Workers using service companies and in the gig economy – further consultations

Nicholas Stretch, Tax Partner, CMS

There was good news today for those that feared that the Government might use the Budget to announce proposals to reverse all the tax advantages of personal service companies. The Government is merely to consult on the tax treatment of workers using service companies to provide services to the private sector.

The tax savings which come from using service companies for individuals to provide services are well known.  Although these arrangements are not just about tax and in many cases it is the ultimate client rather than the individual or personal service company that benefits from any tax and NIC savings, the Government has for some time been concerned about the unfair advantage that (usually, but not always) higher paid individuals receive through using these arrangements.

Since 2000, under what became known as “IR35”, legislation has been in place to counteract tax savings where using a service company is really employment in disguise.  Payments made to the service company are treated as employment income and a PAYE charge arises accordingly. However, HMRC has never really seen this as having successfully addressed the issues and many payments escape PAYE.

Earlier this year the law in this area was dramatically changed for public sector users of service companies. Traditionally the tax risk and requirement to operate PAYE lay on the service company, but now a public sector client engaging an individual using a service company has to check the position itself and undertake a substantial paperwork burden before it can make payments without operating PAYE. A public sector client bears all the tax risk of operating PAYE  incorrectly.  Anecdotally we hear that public sector clients are taking a much more cautious approach and subjecting far more payments to PAYE than the service companies would have subjected to tax in this way.

It is probably on this basis that the Government says that early indications are that the public sector rule changes have been effective in reducing tax leakage and it no doubt wants to apply those rules to the private sector.  No doubt the Government is also moved by complaints from the public sector that they are now disadvantaged in engaging service companies as service companies would rather work with private sector than public sector clients, or they charge more to work with public sector clients.

However, the consultancy sector has a loud voice (and unlike public sector clients, private sector clients who engage these service companies will be able to speak up against the changes).  Any extension of the new rules to the private sector is therefore likely to be hotly contested. Bringing this legislation to the private sector is likely to have much more impact on the personal service company industry than the extension to the public sector earlier this year.

The Government has also separately announced that it will be publishing its response to the Taylor review, which surveyed working practices earlier this year (and largely from the point of the low-paid).
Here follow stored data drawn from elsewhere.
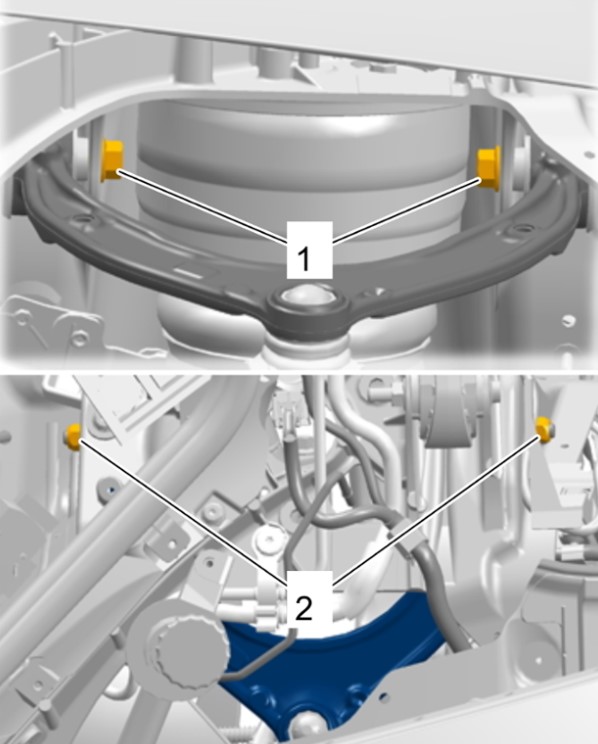1 Открутить крепежные винты -1- и вынуть поперечный рычаг подвески. Доступ к крепежным гайкам -2- возможен из водоотводящего короба.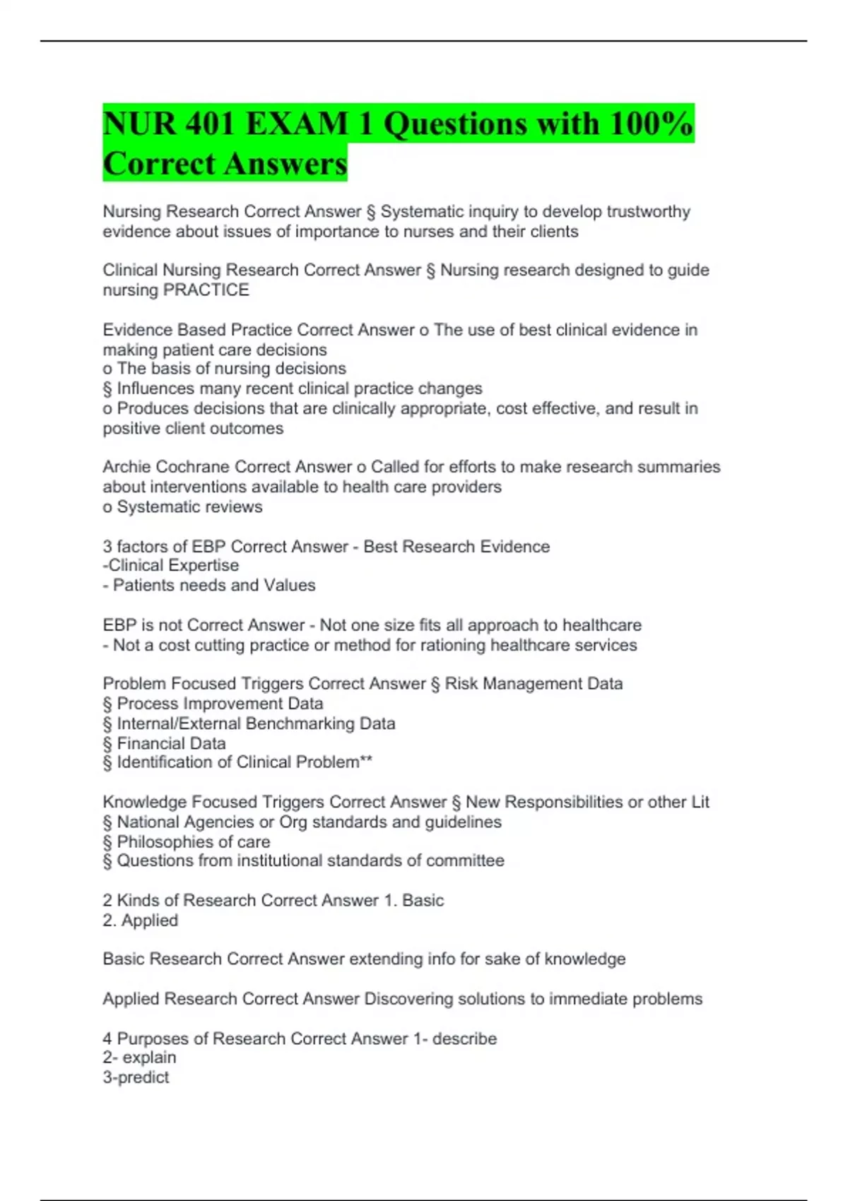 NUR 401 EXAM 1 Questions with 100% Correct Answers Bundled Package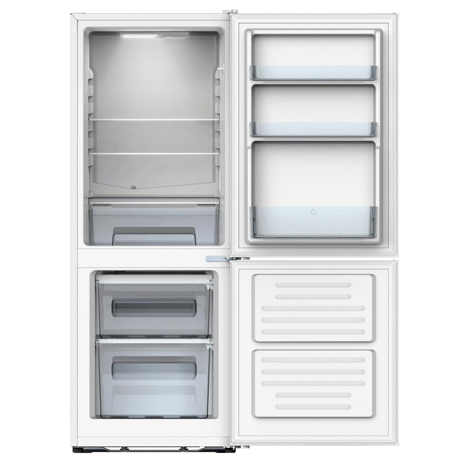 Designed with efficiency in mind, this fridge freezer includes a mechanical adjustable thermostat control for precise temperature regulation. Inside, you’ll find 1 slide-out glass shelf, 1 crystal crisper with a glass cover, and 2 freezer drawers for easy access and organisation of your food. The reversible doors make it adaptable to your kitchen layout, ensuring a seamless fit.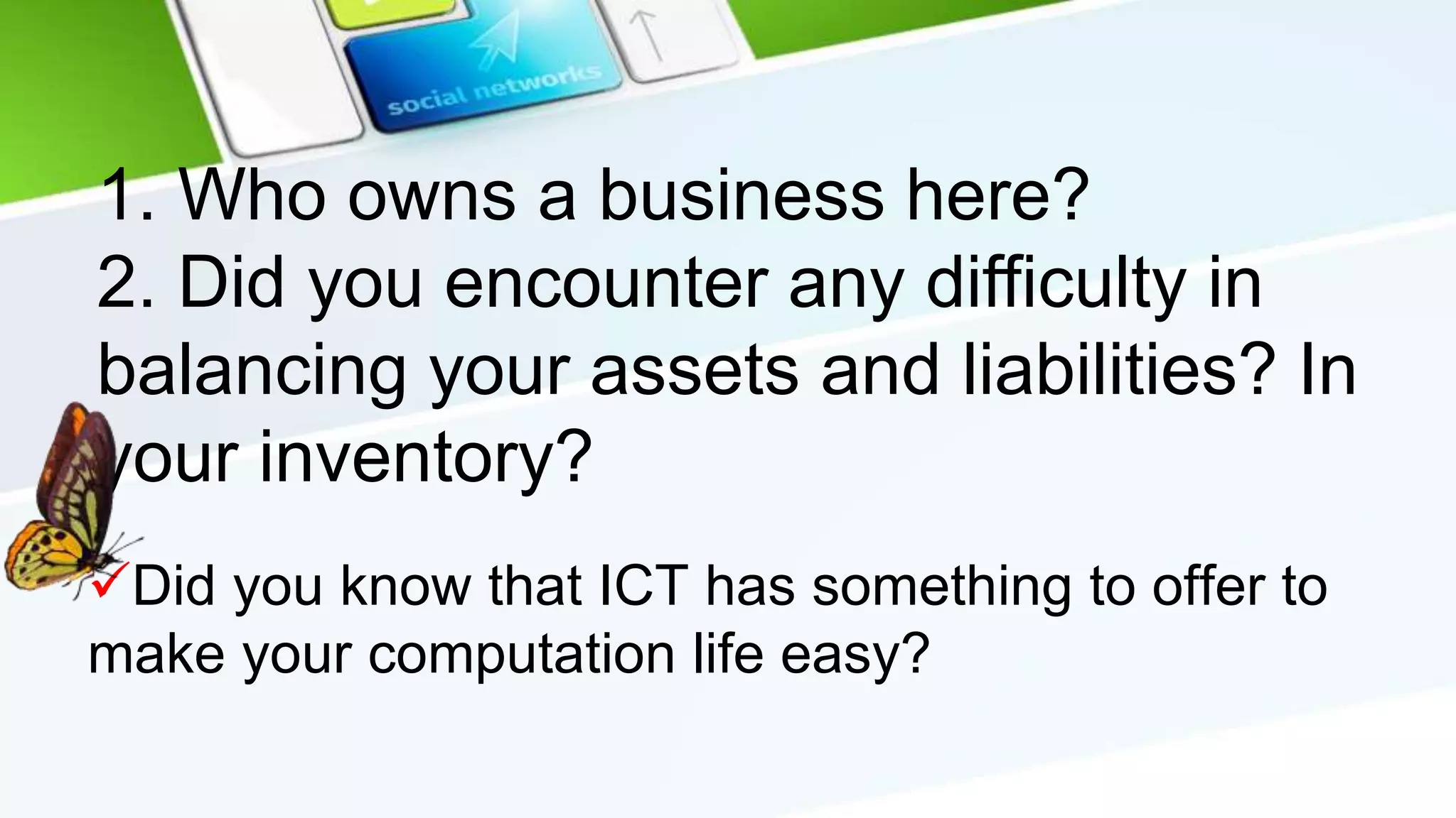 The document discusses advanced formulas and computations in Microsoft Excel. It explains that Excel uses formulas to calculate values, with the equal sign indicating a formula. It also offers predefined functions to make worksheet construction easier. Some common functions are SUM, AVERAGE, MAX, MIN, and COUNT. The document provides examples of formulas using these functions and constants, operators, and cell references. It then has students practice activities using these functions to calculate totals, averages, maximums, minimums, and counts in sample worksheets.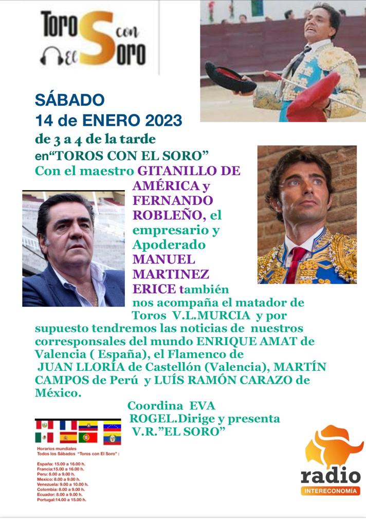 El matador de toros valenciano Miguel Gimenez continúa su periplo por ruedos peruanos, en estos comienzos de la campaña 2023. Los compromisos que tenia previstos los pasados días han quedado aplazados debido a la crisis política que se vive en el país. De esta forma, el próximo día 30 de enero hará el paseíllo en la plaza San Antón, en un festejo con motivo de la festividad de San Antonio Abad. En el mismo, se lidiarán tres toros de Checayani y dos de Rural Alianza, y Miguel compartira cartel con el venezolano Manolo Muñoz y el peruano Angel Jiménez. Y el 6 de febrero actuará en Ayaviri, en la plaza de toros Roja Colina, con ocasión de la fiesta de la Virgen de la Candelaria. Se lidiarán toros de las ganaderías de Campo Bravo, Rural Alianza y Angeles de Santa Rosa. Sus matadores serán Cristóbal Pardo de Colombia, Oscar Huayta de Perú, Cristian Ramos de Perú y Miguel Giménez.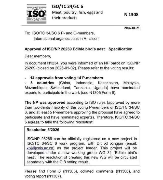 2026年1月21日,燕之屋结合中国尺度化研究院从导制定的国际尺度《Edible birds nest — Specification 》(ISO/AWI 26269)成功获得国际尺度化组织(ISO)立项,标记着中国企业正在特色食物国际法则制定方面取得了汗青性冲破。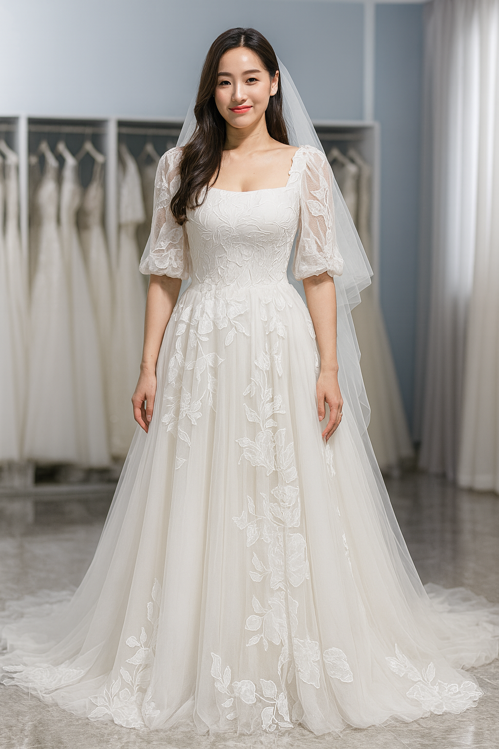 The Harper Wedding Dress is a timelessly elegant choice for brides seeking a modest yet romantic bridal look. Designed with a high neckline, covered back with delicate buttons, and flowing A-line silhouette, Harper exudes classic sophistication. The soft puff sleeves and intricate floral lace appliqués add a dreamy touch, while the long train ensures a breathtaking walk down the aisle. Perfect for modest, vintage, garden, and romantic weddings, this gown offers both elegance and coverage without compromising on beauty.

Its response will not just be limited to tax and will cover broader employment issues.

Accordingly, in all probability it seems likely that within a year we will see proposals counteracting alternative structures to employment both for the higher and lower paid users of these arrangements.

Quite whether and if so when any proposals will proceed to legislation is another matter though, as there are strong commercial interests at play and difficult employment law and benefit issues to consider.